After Bradley County was created by the Tennessee General Assembly in 1836, county governmental activities were held in Chatata Valley until the county seat of Cleveland was established in 1842. Early on, Chatata Valley had mills, stores, churches, two schools, and a physician. The Chatata Seminary, a boarding school, was established in Chatata Valley in 1867, and operated until about 1878. The name Chatata was given to the Tasso community at some point before the American Civil War, before being renamed in 1905. The railroad was constructed between Cleveland and Charleston in phases during the 1850s. Today, the Chatata region contains a number of historical sites, including a few homes that predate the Civil War.

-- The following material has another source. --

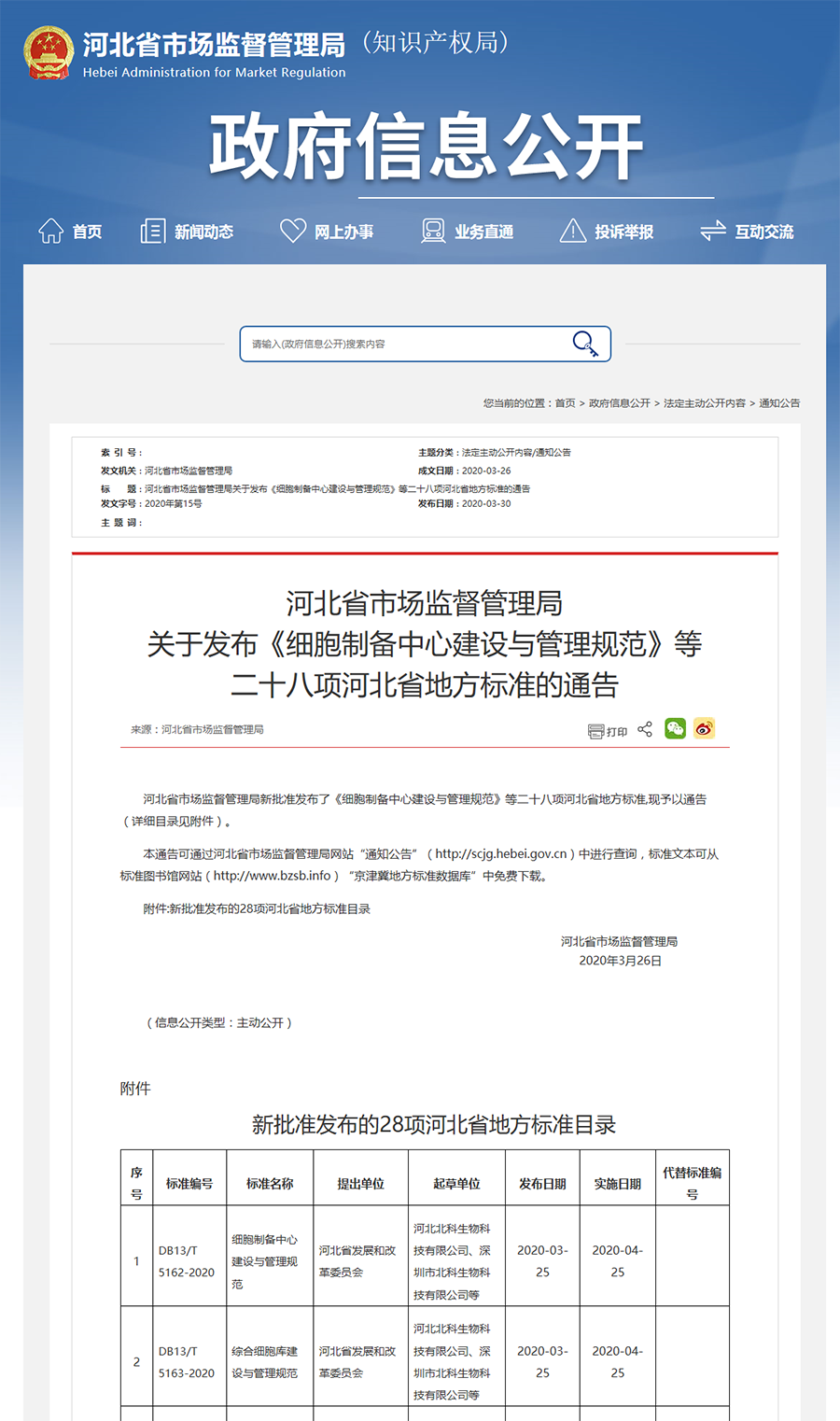 3月25日,河北省市場監(jiān)督管理局發(fā)布通知,《細(xì)胞制備中心建設(shè)與管理規(guī)范》(編號:DB13/T5162-2020)、《綜合細(xì)胞庫建設(shè)與管理規(guī)范》(編號:DB13/T5163-2020)正式批準(zhǔn)發(fā)布,將于4月25日正式實(shí)施。兩項(xiàng)標(biāo)準(zhǔn)是河北省標(biāo)準(zhǔn)化體系建設(shè)的重要組成部分之一,由河北省市場監(jiān)督管理局組織,河北省發(fā)展和改革委員會提出,河北北科生物科技有限公司,深圳市北科生物科技有限公司、個體化細(xì)胞治療技術(shù)國家地方聯(lián)合工程實(shí)驗(yàn)室(深圳)共同編制完成。

During the Civil War, Union troops under the command of general William T. Sherman camped in the valley directly east of Tasso and the railroad on multiple occasions in 1863. These troops reportedly abandoned at least one cannon in Little Chatata Creek south of Tasso after it got stuck in the creekbed while they were crossing. This was also near the location of an unsuccessful attempt in the spring of 1864 by Confederate troops to destroy a passing union train with an explosive placed on the tracks, which instead resulted in the destruction of a passing Confederate train. A Confederate cavalry sword believed to have been from this wreck was accidentally discovered by a teenager in 1970. Troops under the command of Sherman also camped at the Blue Springs Encampments and Fortifications in southern Bradley County.
The name Chatata is also archaeologically, geologically, and paleontologically significant because of the so-called Chatata Wall excavated in 1891 in northwestern Bradley County. That year, Isaac Hooper noticed a line of sandstone rocks protruding from the surface of his farm every or so over a gently curving arc about long. Unusual symbols seemed to be inscribed on one of these surface stones.
Visiting New York City professor Albert Leighton Rawson took an interest in this outcropping of rocks. Rawson was a historian, writer and spiritualist who was the author of many late 19th century religious tracts and books including Evolution of Israel's God. He had participated in and organized outdoor religious meetings set among areas of striking natural and geological beauty in New York, most notably the 1878 Watkins Glen Freethinkers Convention. Intrigued by the Chatata site, he funded excavations there. A high three-ply sandstone wall was unearthed with markings located on one surface of the middle layer. Rawson believed these markings to be Hebrew and claimed to have translated several chapters of the Old Testament from them, evidence to him that one or more of the Ten Lost Tribes of Israel had arrived in Tennessee before Europeans or possibly even the Cherokee. Subsequent visits to the site by other scientists, and samples from the Wall displayed for a time at the Smithsonian Institution, failed to generate support for Rawson's claims. The Chatata Wall faded from the public limelight, and today its exact location is effectively unknown. Eventually, the Chatata Wall was ultimately judged to be a natural phenomenon. Whether its strange markings were of human, geological or paleontological origin is still a matter of debate.